History of the First Infantry Company - 3rd OTC - 1918

The Herbert Exhaustion Exercise with Cadets from the 3rd Officers Training Camp at Camp Devens Participating.

The Herbert Exhaustion Exercise with Cadets from the 3rd Officers Training Camp at Camp Devens Participating. GGA Image ID # 13ab6b2bca

John D. Little, a cadet of the First Infantry Company, 3rd OTC at Camp Devens, writes anecdotally of his experiences during the training, including the accuracy (or not) on the firing range, measles quarantine, and other exciting adventures during officer training.

THE PICK
THE FIRST

THIS is a sort of history or something. Of the First Company. An easy thing to write when you're on the outside looking in, but hard when you're on the inside being it, and so far as this humble historian has been able to make out a candidate in the First Company is bound to be of the opinion that he is the perpetual defendant in the military game of "Tag, You're It."

It is a strangely solemn thought that not only have there been other former Officers' Training Camps but there are at this present time of agony other companies than the First, for 'twould so consoling to think that we of the First were the only ones suffering the excruciationg mental indigestion and physical delirium of the candidate.

Long distance flashes and occasional close-ups of the other companies and the Battery would seem to indicate that they too suffer, and at times at the canteen over a convivial ice cream cone a candidate from another company has bared his soul's torment, but as a rule the First Company has been too much torn up over itself to take much stock in others' woes.

The first thing we learned was humility Some men are born so, but we were made so. If a man thought he was right and wasn't and if, as was generally the case, an instructor was also aware of these two facts, the man got an emphatic lesson in humilit from a figuratively hob-nailed voice. Perhaps the first lesson took place when the order for removing chevrons came through on the second day of the camp.

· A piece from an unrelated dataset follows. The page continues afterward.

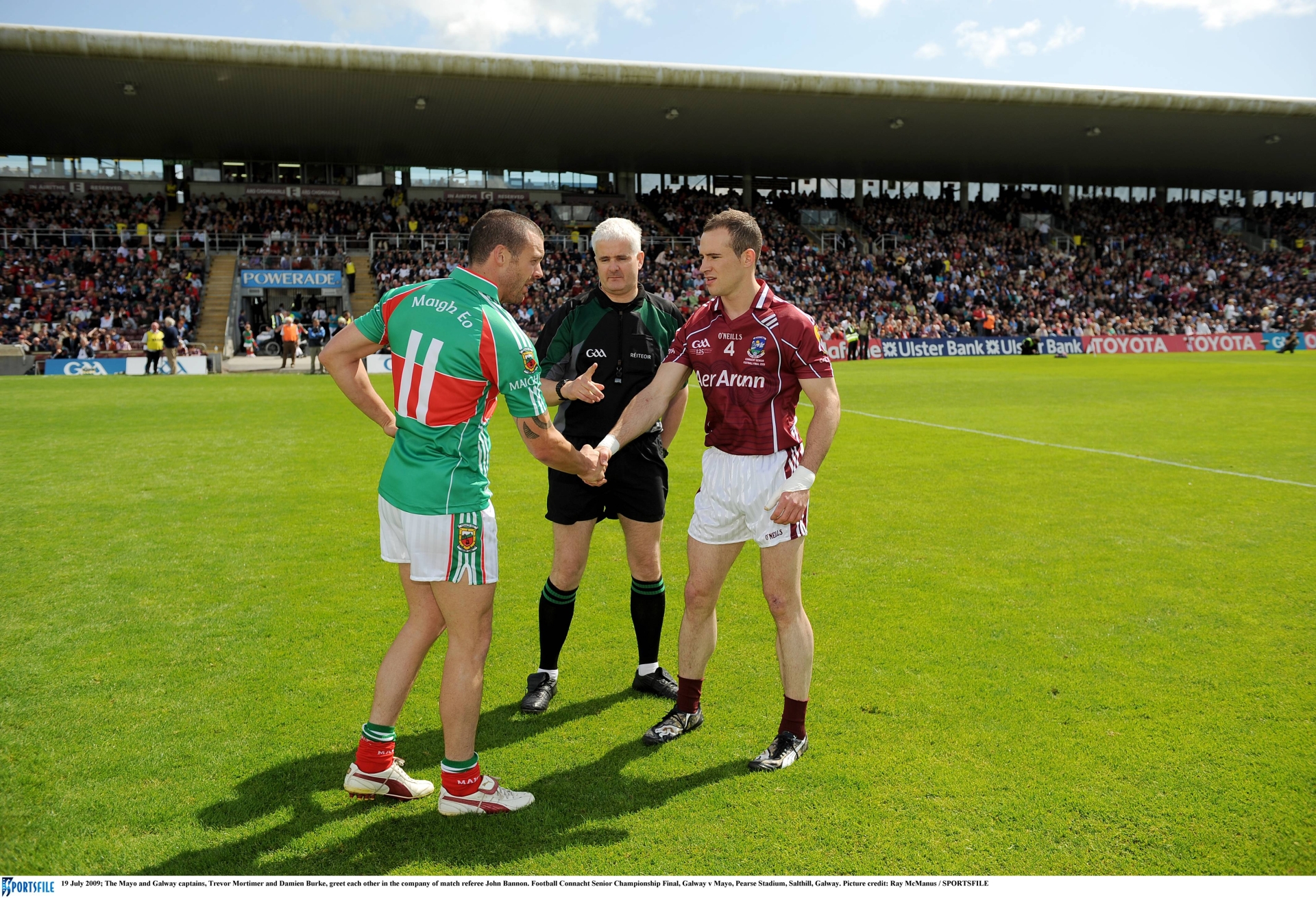 Caption: 19 July 2009; The Mayo and Galway captains, Trevor Mortimer and Damien Burke, greet each other in the company of match referee John Bannon. Football Connacht Senior Championship Final, Galway v Mayo, Pearse Stadium, Salthill, Galway. Picture credit: Ray McManus / SPORTSFILE

The author with his own jack-knife broke three sergeant-majors and a sort of divisional bugler that day. It is remarkable how much longer it takes to remove that kind of chevron than it does to rip off a first class private's insignia.

Taking into consideration all this inculcation of humility it was more or less of a shock to us when the First Company hove to the front in many instances. On the range the company came through with a final average of 256.17 out of a possible 375, as against the next company, which scored 250.16.

Abbott was our high man with a score of 328, Day and Swett following closely. At this point, considering that publication will be at the end of the school, it is only fair to state that a well known gentleman in the umpty-umpth squad of the First wishes to make public the fact that he owes his own particular middling average high score on the range to the fact that he always closed both eyes before shooting. We have until now kept this fact a secret, knowing that if the other companies suspected us of such talent they would seek to debar us as professionals.

A major, name withheld for militaristic reasons, said publicly that the First Company marched better than any of the other companies. Needless to say we were not going to Hebert, but to mess at the time of observation. A civilian observer was overheard to remark at retreat one afternoon that there were more red-headed persons in the First Company than in any organization which had ever obscured his vision.

Throwing all jokes aside, our great claim to social prominence lies in our tenacity in outwitting the measle germ. One by one the other companies and the battery fell by the wayside, and not until Feb. 8th, when Dan. Casey, the pride of the Haverhill Chamber of Commerce, succumbed did the First Company take the count and go into quarantine.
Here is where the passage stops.